Literature DB >> 10197600

Apoptosis, p53, and tumor cell sensitivity to anticancer agents.

J M Brown1, B G Wouters.   

Abstract

A widely held tenet of present day oncology is that tumor cells treated with anticancer agents die from apoptosis, and that cells resistant to apoptosis are resistant to cancer treatment. We suggest, in this review, that this tenet may need to be reexamined for human tumors of nonhematological origin, for two principal reasons: (a) cell killing has often been assessed in short term assays that are more influenced by the rate, than the overall level, of cell killing. This has tended to underestimate cell killing for cells not susceptible to apoptosis or having mutant p53; and (b) conclusions from experiments with normal cells transformed with dominant oncogenes have often been extrapolated to tumor cells.
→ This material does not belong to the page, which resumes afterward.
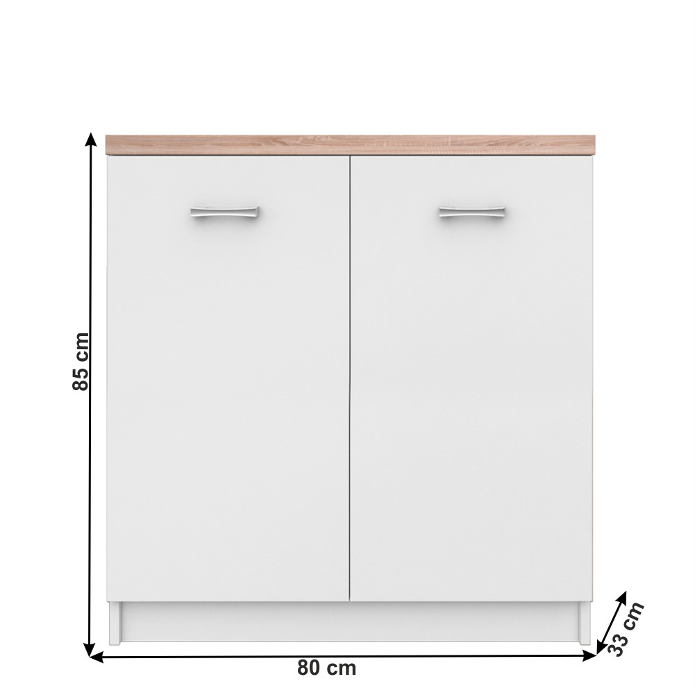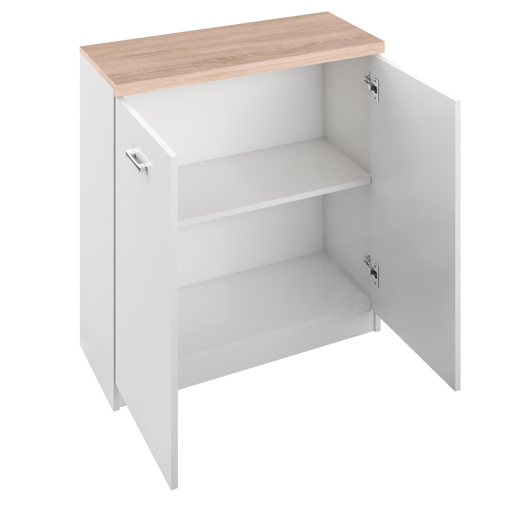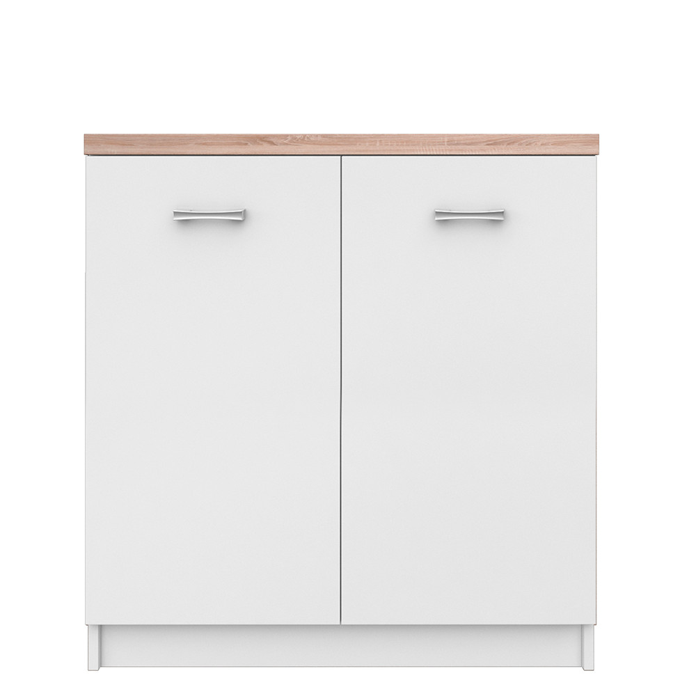 A TOPTY bútorcsalád fehér/sonoma tölgy színű komód eleme, 2 ajtós tárolóval, divatos megjelenése és kihasználhatósága miatt közkedvelt bútordarab.

This does not take into account the fact that tumor cells have invariably undergone selection to an apoptotically resistant phenotype. In this review, we examine the impact of these two factors with particular emphasis on the influence of mutations in p53 on the sensitivity of tumor cells to DNA-damaging agents. We find that because wild-type p53 predisposes cells to a more rapid rate of cell death after DNA damage, particularly with normal or minimally transformed cells, that short-term assays have led to the conclusion that mutations in p53 confer resistance to genotoxic agents. On the other hand, if clonogenic survival is used to assess killing in cells derived from actual solid human tumors, then apoptosis and the genes controlling it, such as p53 and bcl-2, appear to play little or no role in the sensitivity of these cells to killing by anticancer drugs and radiation.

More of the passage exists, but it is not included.